_TASK TO COMPLETE_
What you return must match the listing below character for character, minus any pictures.

_DATA PROVIDED_

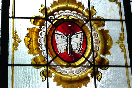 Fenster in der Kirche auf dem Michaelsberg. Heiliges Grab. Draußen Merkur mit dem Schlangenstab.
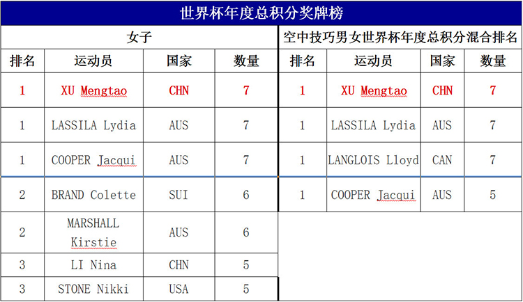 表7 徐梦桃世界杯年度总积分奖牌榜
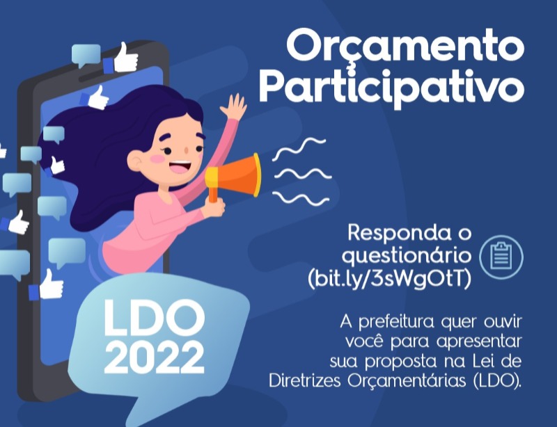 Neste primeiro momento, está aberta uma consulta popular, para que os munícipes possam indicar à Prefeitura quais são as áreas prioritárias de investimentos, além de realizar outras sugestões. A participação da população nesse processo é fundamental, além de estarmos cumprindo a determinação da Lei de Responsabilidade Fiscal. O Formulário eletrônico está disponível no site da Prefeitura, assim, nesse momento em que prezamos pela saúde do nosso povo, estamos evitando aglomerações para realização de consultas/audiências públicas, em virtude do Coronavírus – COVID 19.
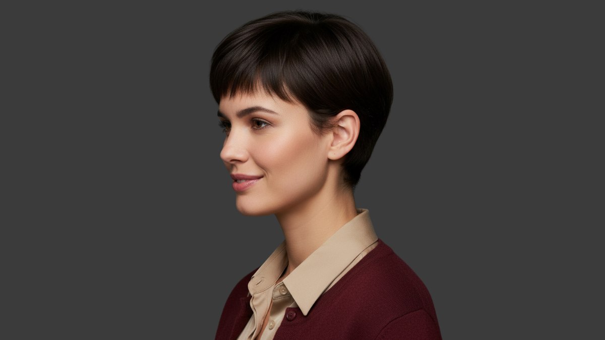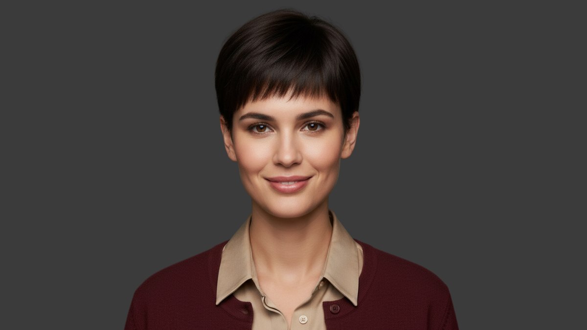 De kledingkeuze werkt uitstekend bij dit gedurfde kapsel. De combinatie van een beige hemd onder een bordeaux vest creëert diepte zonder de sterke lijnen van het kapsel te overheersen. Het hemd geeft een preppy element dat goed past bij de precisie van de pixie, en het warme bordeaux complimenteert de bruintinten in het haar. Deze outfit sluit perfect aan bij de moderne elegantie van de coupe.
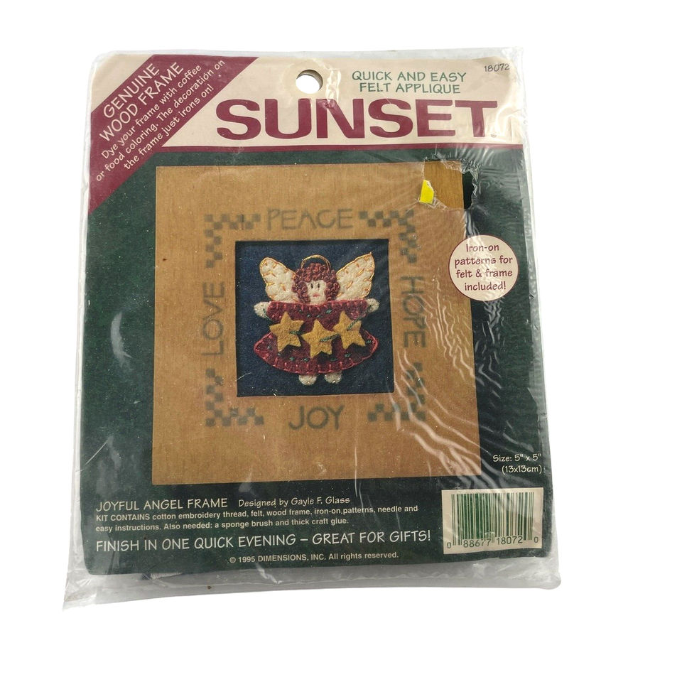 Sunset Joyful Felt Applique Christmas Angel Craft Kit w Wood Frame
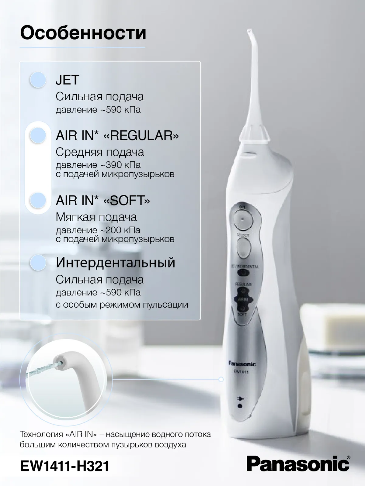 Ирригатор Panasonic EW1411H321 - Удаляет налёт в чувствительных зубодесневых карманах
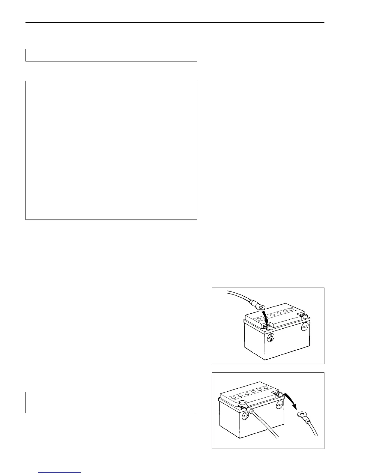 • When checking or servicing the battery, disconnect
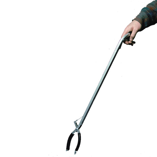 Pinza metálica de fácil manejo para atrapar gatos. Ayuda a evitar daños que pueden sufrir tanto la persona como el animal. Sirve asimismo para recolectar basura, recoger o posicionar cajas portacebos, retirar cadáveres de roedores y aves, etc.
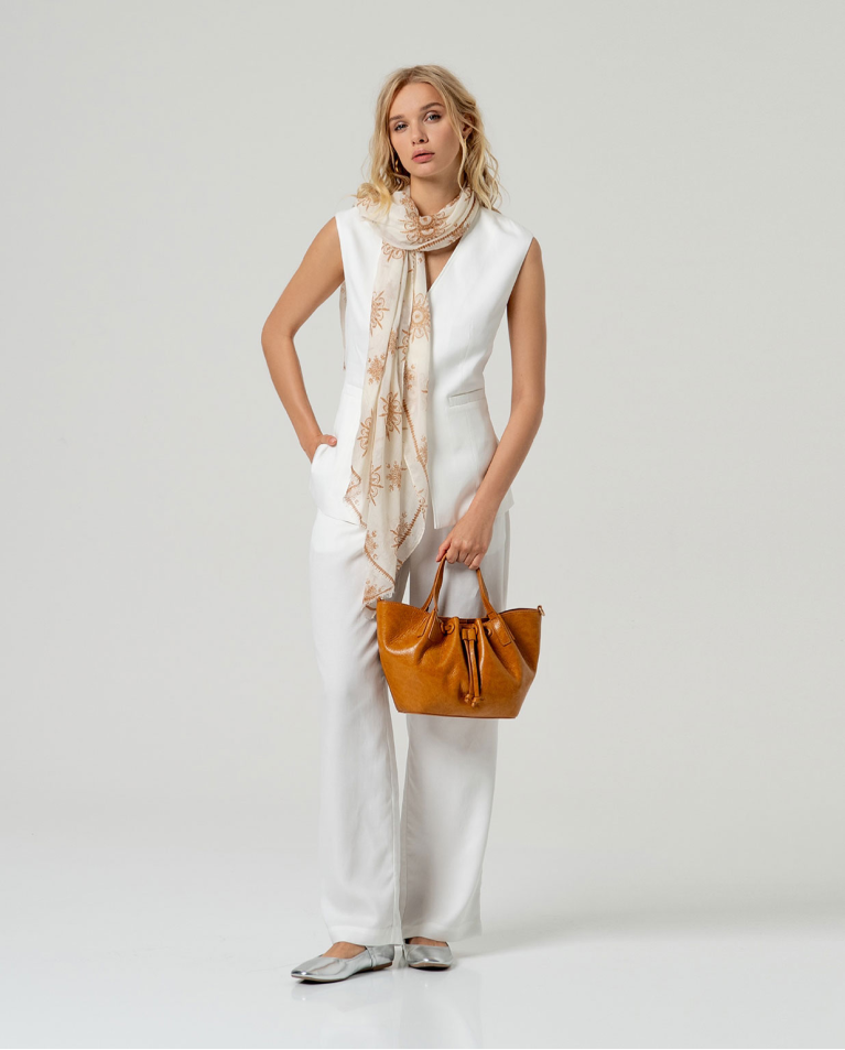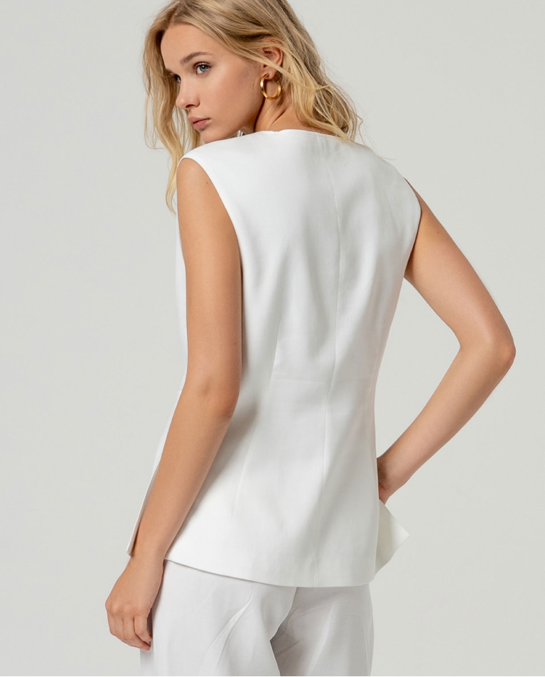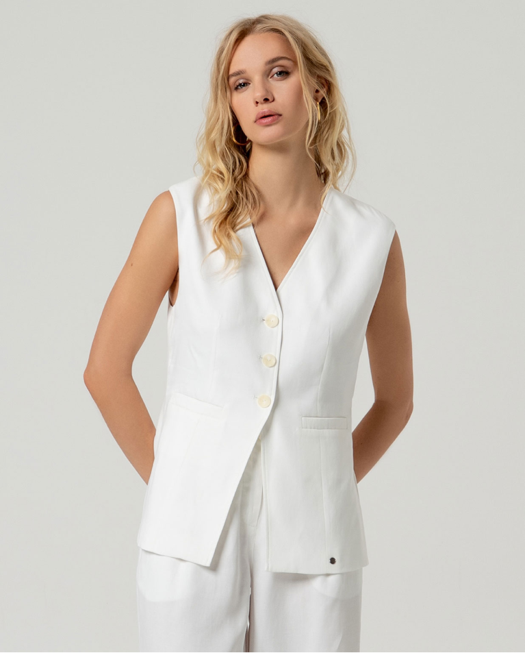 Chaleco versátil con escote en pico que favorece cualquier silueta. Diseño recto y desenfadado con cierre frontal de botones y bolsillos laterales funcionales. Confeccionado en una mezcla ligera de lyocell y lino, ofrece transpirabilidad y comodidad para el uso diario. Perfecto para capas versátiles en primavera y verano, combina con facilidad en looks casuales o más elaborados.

_RESULT BELOW_
 Fenster in der Kirche auf dem Michaelsberg. Heiliges Grab. Draußen Merkur mit dem Schlangenstab.
 表7 徐梦桃世界杯年度总积分奖牌榜
 Neste primeiro momento, está aberta uma consulta popular, para que os munícipes possam indicar à Prefeitura quais são as áreas prioritárias de investimentos, além de realizar outras sugestões. A participação da população nesse processo é fundamental, além de estarmos cumprindo a determinação da Lei de Responsabilidade Fiscal. O Formulário eletrônico está disponível no site da Prefeitura, assim, nesse momento em que prezamos pela saúde do nosso povo, estamos evitando aglomerações para realização de consultas/audiências públicas, em virtude do Coronavírus – COVID 19.
 De kledingkeuze werkt uitstekend bij dit gedurfde kapsel. De combinatie van een beige hemd onder een bordeaux vest creëert diepte zonder de sterke lijnen van het kapsel te overheersen. Het hemd geeft een preppy element dat goed past bij de precisie van de pixie, en het warme bordeaux complimenteert de bruintinten in het haar. Deze outfit sluit perfect aan bij de moderne elegantie van de coupe.
 Sunset Joyful Felt Applique Christmas Angel Craft Kit w Wood Frame
 Ирригатор Panasonic EW1411H321 - Удаляет налёт в чувствительных зубодесневых карманах
 • When checking or servicing the battery, disconnect
 Pinza metálica de fácil manejo para atrapar gatos. Ayuda a evitar daños que pueden sufrir tanto la persona como el animal. Sirve asimismo para recolectar basura, recoger o posicionar cajas portacebos, retirar cadáveres de roedores y aves, etc.
 Chaleco versátil con escote en pico que favorece cualquier silueta. Diseño recto y desenfadado con cierre frontal de botones y bolsillos laterales funcionales. Confeccionado en una mezcla ligera de lyocell y lino, ofrece transpirabilidad y comodidad para el uso diario. Perfecto para capas versátiles en primavera y verano, combina con facilidad en looks casuales o más elaborados.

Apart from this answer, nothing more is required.